April 30, 1999

Scientist tracks compounds formed when oxygen attacks

Scientist tracks compounds formed when oxygen attacks


Dr. Jason Morrow is investigating isoprostanes, compounds formed following oxidant stress.

The compounds that form when oxygen turns from friend to foe are the focus of novel research that has garnered Dr. Jason D. Morrow a prestigious Burroughs Wellcome Fund Clinical Scientist Award in Translational Research.

Morrow, associate professor of Medicine and Pharmacology, and Dr. L. Jackson Roberts, professor of Pharmacology and Medicine, discovered the compounds, called isoprostanes, in 1990. Isoprostanes are produced in cells when reactive molecules called free radicals interact with membrane lipids. Excessive formation of free radicals is characteristic of oxidant stress.

"We look at the role of oxidant stress in human physiology and pathophysiology," Morrow said. "The isoprostanes are the most accurate measure to assess oxidant stress in vivo in human beings, and a number of them possess potent bioactivity and likely mediate the pathophysiological consequences of oxidant stress."

Morrow and his colleagues have focused on atherosclerosis and Alzheimer's disease.

"We have been able to implicate oxidant stress in the pathophysiology of atherosclerosis," Morrow said. "High levels of isoprostanes are present, and we know they possess mitogenic activity that is consistent with the development of atherosclerotic plaques."

In fact, of three accepted risk factors for atherosclerosis – heavy cigarette smoking, hypercholesterolemia, and hyperhomocysteinemia – all are associated with increased isoprostane formation.

In epidemiological studies, antioxidants like vitamin C and vitamin E appear to decrease atherosclerosis, but it is unknown whether they decrease the production of isoprostanes. Morrow will address this question.

"A major part of the grant is to study what pharmacological compounds in vivo will modulate, or really decrease, the formation of these molecules. We are also interested in determining how varying doses of different antioxidants affect isoprostane formation," Morrow said.

Morrow has collaborated with Dr. Thomas J. Montine, assistant professor of Pathology and Pharmacology, to study isoprostanes in Alzheimer's disease.

"We have shown that isoprostane levels in cerebrospinal fluid are significantly increased in living patients with an Alzheimer's disease diagnosis, and that the levels correlate with disease severity," Morrow said.

These findings support a theorized role for free radicals in Alzheimer's disease and have important implications for patients, Morrow said. Isoprostanes may serve as useful markers to assess and definitively diagnose the disease in living patients. Currently, Alzheimer's disease is a probable diagnosis that can only be confirmed by examining the brain after death.

"Isoprostanes may also be very useful for monitoring response to therapy, which for Alzheimer's disease is in its infancy," Morrow said. "One form of therapy is high dose vitamin E; but is it actually decreasing isoprostane levels? We don't know."

Isoprostanes are not formed only in association with disease. The body's cells produce these compounds at a fairly continuous and constant rate.

"I think their production is a consequence of free radical reactions that go on in the body all the time," Morrow said. "There are many sources of free radicals, including exogenous chemicals and endogenous enzyme systems."

And it's an unavoidable fact of life. Oxygen is constantly being breathed, and it participates in processes that produce free radicals. Should we be taking vitamin E or C or other antioxidants all the time? That's an open question, Morrow said.

"We have data that vitamin C deficiency is associated with increased oxidant stress. We now want to determine whether supplementation of vitamin C above normal levels decreases oxidant stress."

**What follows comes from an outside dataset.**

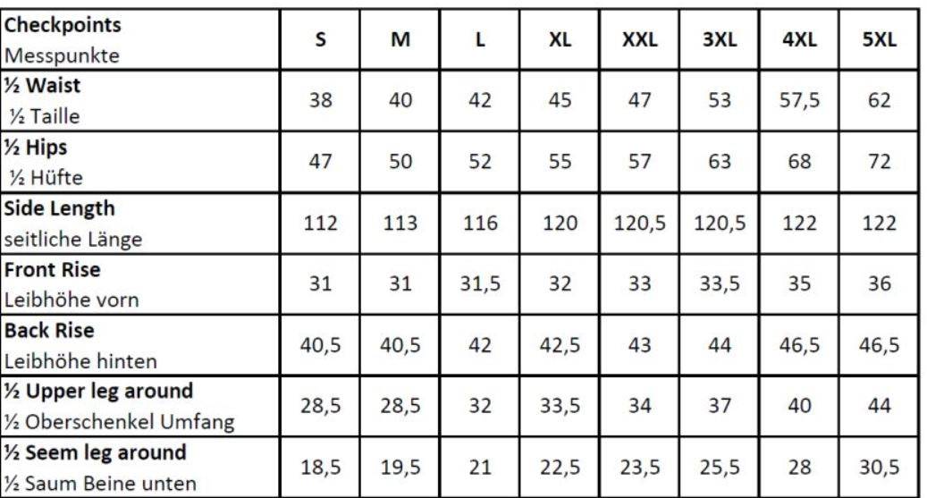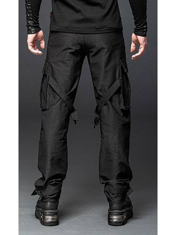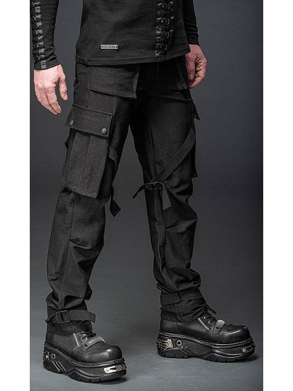 Broek met banden, gespen en grote zakken.

The body normally produces its own antioxidants that balance out the production of free radicals. No one really knows what throws the system out of whack and sparks disease.

Morrow's research exemplifies the kind of translational research – the path between basic research and patient care – that the Clinical Scientist Award targets.

"We've gone from the basic science observation of the existence of a group of compounds all the way up to exploring how to modulate their formation in human beings," Morrow said.

The Burroughs Wellcome Fund (BWF), an independent private foundation, established this award program to address the shrinking number of physicians involved in biomedical research. Because physician-scientists are in a position to identify and implement advances in the basic sciences, a decrease in their presence within the research enterprise threatens the critical link between the bench and the bedside. The BWF Clinical Scientist Awards intend to strengthen that link.

"It is a wonderful award," Morrow said. "It frees people at a mid-career point to really do some novel translational research."

BWF chose nine award recipients from a field of over 100 applicants. Each will receive $750,000 over the next five years, with few strings attached.

"The competition is incredibly stiff," said Dr. Eric G. Neilson, Hugh Jackson Morgan Professor and Chair of Medicine. "It is the pinnacle of achievement for a young investigator in Clinical Pharmacology to receive one of these awards."